Allogeneic HSCT has extended survival for patients with high-risk subtypes, but success depends on multiple disease-, patient- and transplant-related factors, according to study background.

Solh and colleagues aimed to assess the factors that affected post-transplant survival among adults with ALL.

The analysis included 153 consecutive patients (median age, 46 years; range, 14-70; 50% male) who underwent their first allogeneic HSCT at their institution from 2008 to 2020.

About three-quarters (73%) had intermediate-risk disease and 27% had high/very high-risk disease.

More than one-third (36%) had Philadelphia chromosome (Ph)-positive disease and 9% had Ph-like disease. Ten percent had received blinatumomab (Blincyto, Amgen) or inotuzumab ozogamicin (Besponsa, Pfizer) prior to transplant.

All patients underwent transplant in the outpatient setting. Only those who developed complications were admitted.

Most patients (72%) were in first complete remission at time of transplant

The majority of patients (84%) received hyper-CVAD induction, and most (68%) achieved complete remission after one cycle.

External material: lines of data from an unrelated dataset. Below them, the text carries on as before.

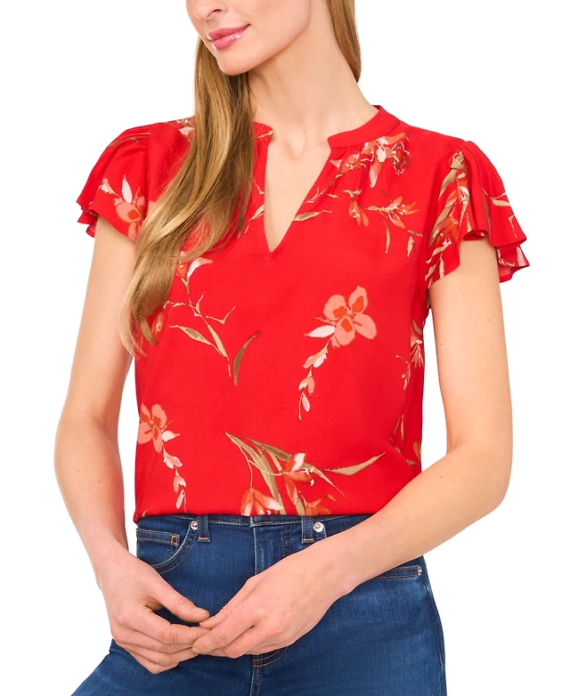 CeCe Women's Floral Print Flutter-Sleeve Blouse
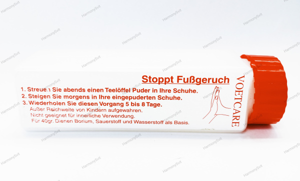 Пудра цілеспрямовано діє бактерії, які викликають неприємний запах, захищає від грибкових захворювань. Нешкідлива для взуття та одягу.
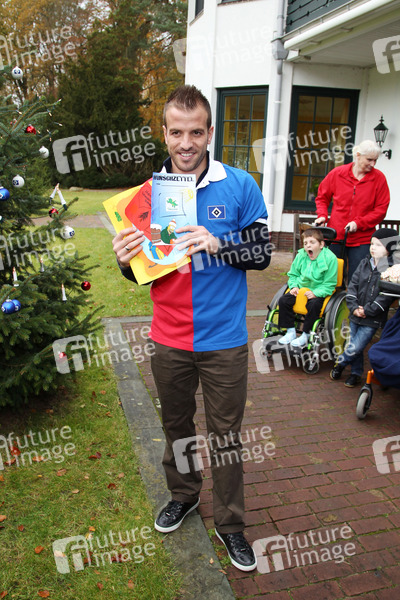 HSV-Spieler Rafael van der Vaart und HSV-Maskottchen Hermann schmücken einen Weihnachtsbaum im Kinder-Hospiz Sternenbrücke, Hamburg
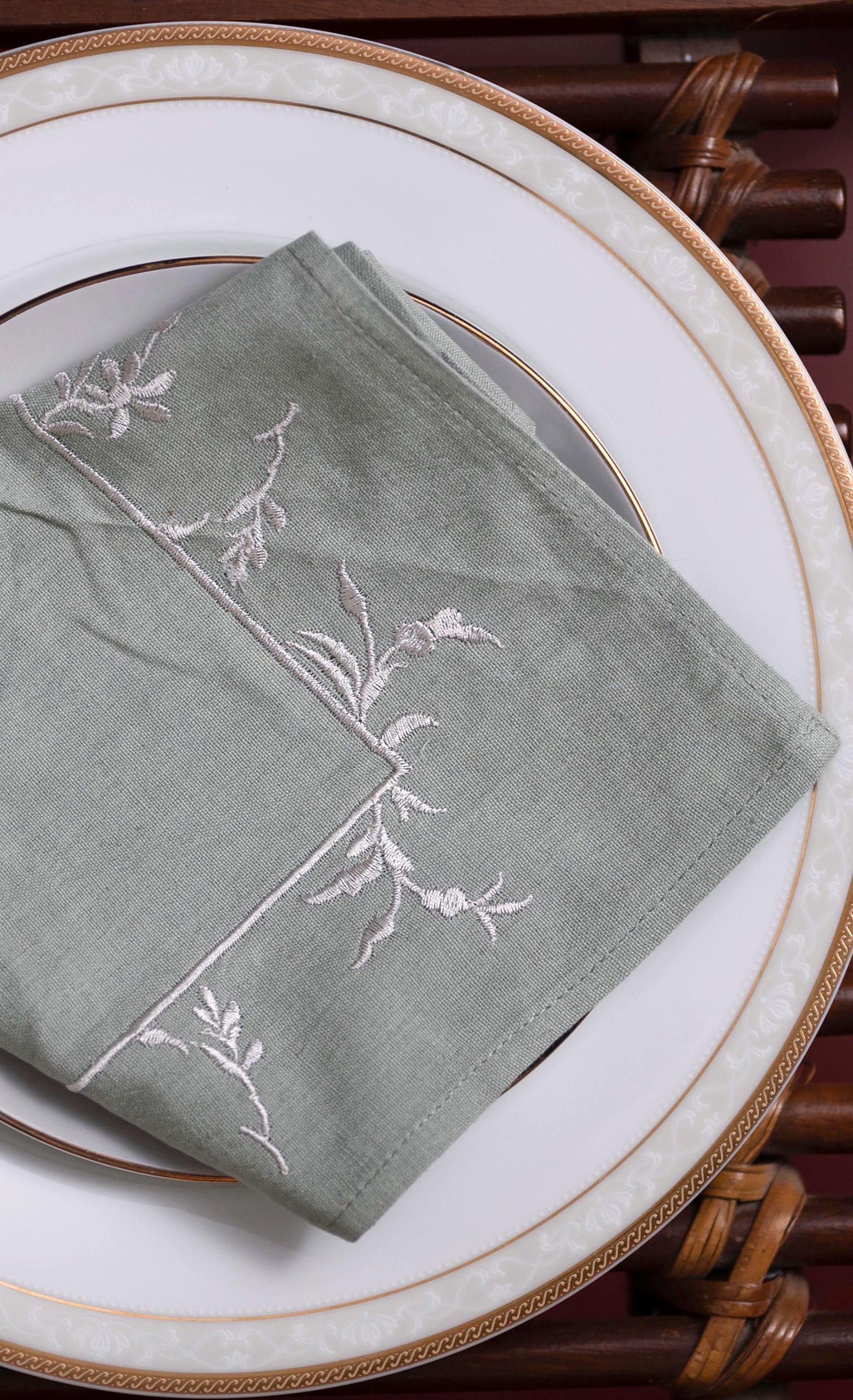 Our Maxim Handwoven Napkins, handwoven in Khadi Cotton by our weavers is a festive statement in sea green that is accented with floral motifs achieved through silk thread embroidery. Inspired by William Morris's designs, the luxurious details of the handwoven napkins bring your tablescapes alive with the spirit of the season.

Most patients had haploidentical donors (45%), followed by matched unrelated (31%) and matched related (24%). The most common graft source was peripheral blood stem cells (89%) and most patients (76%) underwent myeloablative transplant.

Median time from diagnosis to transplant was 157 days (range, 77-4,062).

Key endpoints included OS, DFS and relapse rate.

Researchers created a multivariable model for those three outcomes using disease, patient and transplant factors.

Results

Median follow-up after transplant was 58.8 months.

At 3 years after diagnosis, 67% of patients remained alive, 53% remained alive and disease free, and 30% had relapsed.

At 5 years after diagnosis, 57% of patients remained alive, 49% remained alive and disease free and 32% had relapsed.

“At 3 years, relapse becomes a very rare event, so transplant does get you to that curative intent plateau by that time,” Solh said during a presentation.

Researchers reported comparable outcomes among patients with Ph-positive, Ph-like and Ph-negative disease with regard to OS, DFS and relapse.

“The responses we saw in our data set are much better than what we have seen historically, so there is some improvement,” Solh told Healio. “The lack of difference between disease subtypes did not surprise us. The whole reason you do the transplant is so you can overcome the high-risk features, and that’s what we found.”

Multivariable analysis revealed associations between shorter OS and age 50 years or older (HR = 1.83; 95% CI, 1.11-3.01), male sex (HR = 1.66; 95% CI, 1.01-2.72) and time from diagnosis to transplant (HR for 9 months vs. < 9 months = 5.98; 95% CI, 3.39-10.55). Only time to transplant appeared associated with shorter DFS (HR = 5.9; 95% CI, 3.42-10.2) and higher risk for relapse (HR = 6.29; 95% CI, 3.2-12.38).